20 Marcion reçoit le récit de la création de l'homme selon la Genèse, et il en tire cette conséquence que le Dieu Bon n'y fut pour rien. « Cité par » Ibid., p. 185.

21 Ibid., p. 183.

22 La source la plus abondante est l'Adversus Marcionem, en cinq parties, de Tertullien. De la polémique détaillée et complète d'Origène, l'autre grand critique de Marcion au troisième siècle, on ne conserve que des fragments. Pour le reste, tous les hérésiologues, à commencer par le premier en date, Justin Martyr (IIe siècle), ont traité de Marcion et de ses disciples, et la polémique s'est poursuivie jusqu'au Ve siècle, car des communautés entières de marcionites, survivantes de l'église fondée par Marcion, subsistaient encore en Orient. Dans notre résumé de l'enseignement de Marcion, nous ne signalerons la source que par occasion. Ibid., p. 184.

23 Adolf von Harnack, Marcion: Das Evangelium vom frenden Gott, Leipzig, 1921, p. 31, n.1. Le livre de Harnack est un classique, et c'est de loin la meilleure monographie consacrée à un chapitre particulier de l'histoire du gnosticisme.

Ibid., p. 185-186.

24 Soit dit en passant, ce trait prouve de façon concluante, contre l'opinion de Harnack, que Marcion était tributaire de la spéculation gnostique antérieure: car le raisonnement n'a de sens que si les âmes sont des portions de divinité perdues, et qu'il faut retrouver. En ce cas, la reproduction prolonge la captivité divine, et par les dispersions qui s'ensuivent, rend plus difficile l'œuvre de salvation, qui est récolte et récupération. Ibid., p. 193.

Ce qui fait en sorte que « […] l’ascétisme de Marcion, à la différence de celui des esséniens ou, […] celui du monachisme chrétien, ne se conçoit pas comme un moyen de sanctifier l’existence humaine ; il est essentiellement négatif, et il participe de la révolte gnostique contre le cosmos25 ». Il va s'en dire que cette conceptualisation propose à la fois une vision absolutiste du Mal dans une perspective du corps déconnecté de sa matière spirituelle, niant ses facultés sensibles et de présence au sacré et ses possibilités d'auto-guérison globales. En cela, Marcion exacerbe le dualisme, évince et bannit toute idée possible d'une humanité capable de s'harmoniser et de se responsabiliser en tout ou en partie face à son existence et son mieux-être. La seule espérance possible se trouvant dans l'attente d'une intervention d'un Dieu nouveau et étranger.

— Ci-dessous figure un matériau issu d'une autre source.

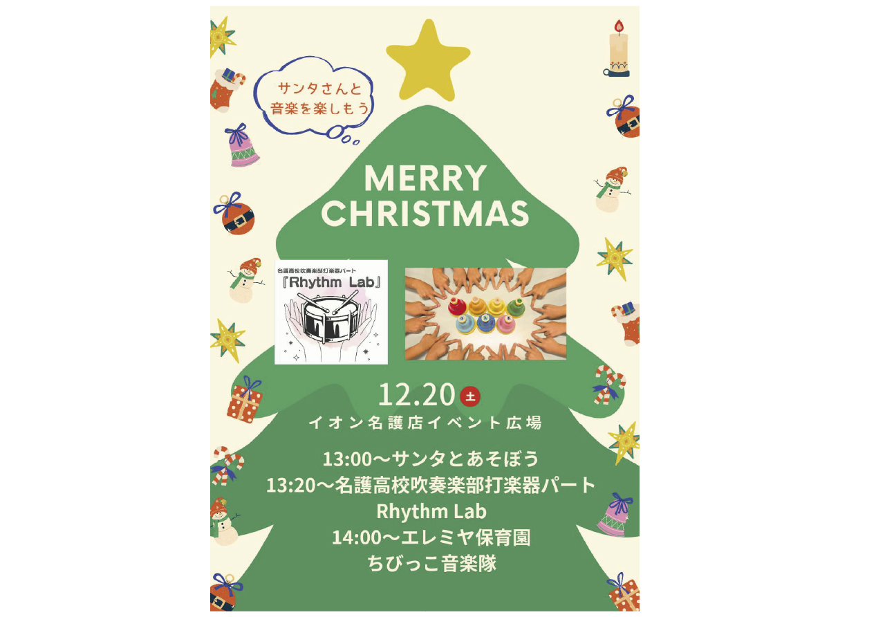- 13:00〜 サンタとあそぼう / 13:20〜 名護高校吹奏楽部打楽器パート Rhythm Lab / 14:00〜 エレミヤ保育園 ちびっこ音楽隊

Jonas évoque chez Marcion une certaine émendation de mots grecs destinés à favoriser sa doctrine, lorsqu'il évoque certains passages de L'Épitre aux Galates26. Quoi qu'il en soit, des réorientations manipulatoires opérées par Marcion à la faveur de sa doctrine, il pense les femmes et les hommes comme des créations mauvaises issues du Mal, privées de spiritualité aimante et inéluctablement soumises dans leur détresse au système qu'il propose et à celui de ses églises. Le marcionisme fut une menace avec ses

[…] [é]critures claires, ([sa]) théologie simple et satisfaisante pour le sentiment, […] ([sa]) morale pessimiste et héroïque, le marcionisme était un adversaire redoutable pour le christianisme traditionnel, peu organisé, embarrassé de Livres saints difficiles, et dont la théologie encore très floue ne le protégeait guère des atteintes de l'assimilation au milieu hellénistique27.